## [Dataset section]

┌──

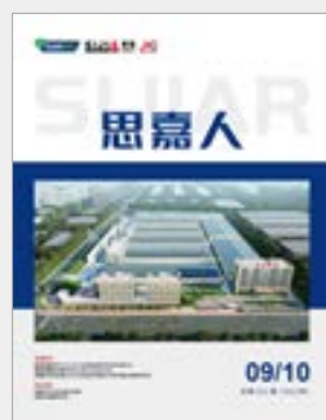
总第 011 期 (2022 年 9-10 月)
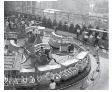
伊勢丹屋上遊園地 昭和38年(1963)頃
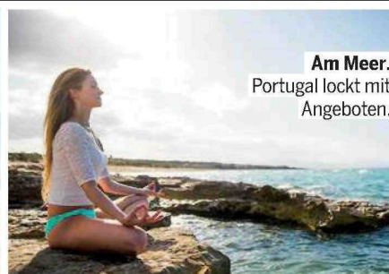
Am Meer. Portugal lockt mit Angeboten.
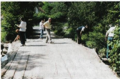
Komisija za ocenjevanje škode po neurju.

└──

## [Exercise description]
Return the lines of the data above in full and exactly, with no pictures.

## [Written response]
总第 011 期 (2022 年 9-10 月)
伊勢丹屋上遊園地 昭和38年(1963)頃
Am Meer. Portugal lockt mit Angeboten.
Komisija za ocenjevanje škode po neurju.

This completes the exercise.